Sabine Schulte im Walde (Universität Stuttgart),
Distributional models assume that the contexts of a linguistic unit (such as a word, a multi-word expression, a phrase, a sentence, etc.) provide information about the meaning of the linguistic unit (Harris, 1954; Firth, 1957). They have been widely applied in data-intensive lexical semantics (among other areas), and proven successful in diverse research issues, such as the representation and disambiguation of word senses; selectional preference modelling; the compositionality of compounds and phrases, or as a general framework across semantic tasks.
While it is clear that distributional knowledge does not cover all the cognitive knowledge humans possess with respect to word meaning (Marconi, 1997; Lenci, 2008), distributional models are very attractive, as the underlying parameters are accessible from even low-level annotated corpus data. We are thus interested in maximizing the benefit of distributional information for lexical semantics, by exploring the meaning and the potential of comparatively simple distributional models.

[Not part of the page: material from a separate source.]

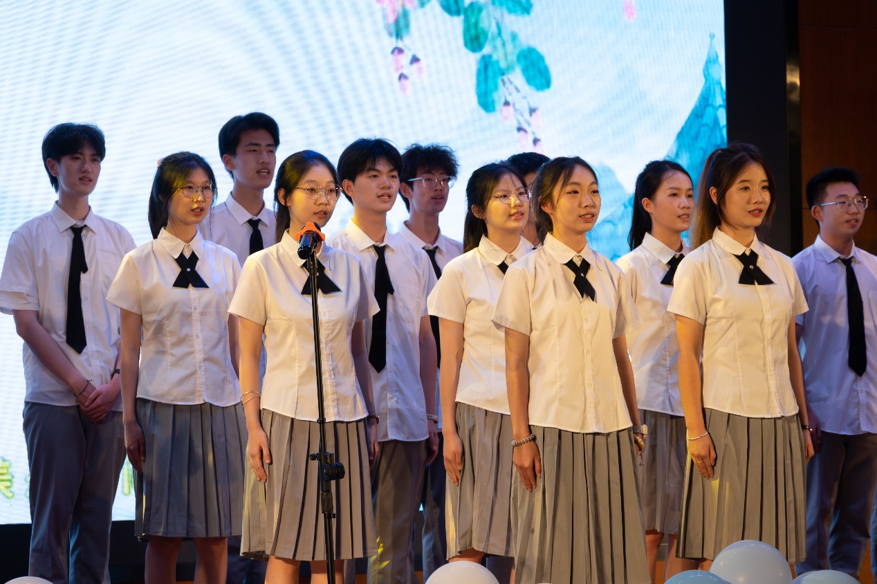 晚会在学院员工合唱团带来的院歌《飞翔》、合唱《上春山》中拉开帷幕。“继往开来,一路行健自强;含弘光大,胸怀民族梦想。”歌声铿锵有力却又不失宛转悠扬,象征着我们不仅有着工科学子昂扬拼搏精神,也有着独属于我们青春岁月的意气风发。

In this respect, this talk will present four case studies on semantic relatedness tasks that demonstrate the potential and the limits of distributional models: (i) the availability of various German association norms in standard web and newspaper corpora; (ii) the prediction of compositionality for German multi-word expressions; (iii) the distinction between the paradigmatic relations synonymy, antonymy and hypernymy with regard to German nouns, verbs and adjectives; and (iv) the integration and evaluation of distributional semantic information into an SMT system.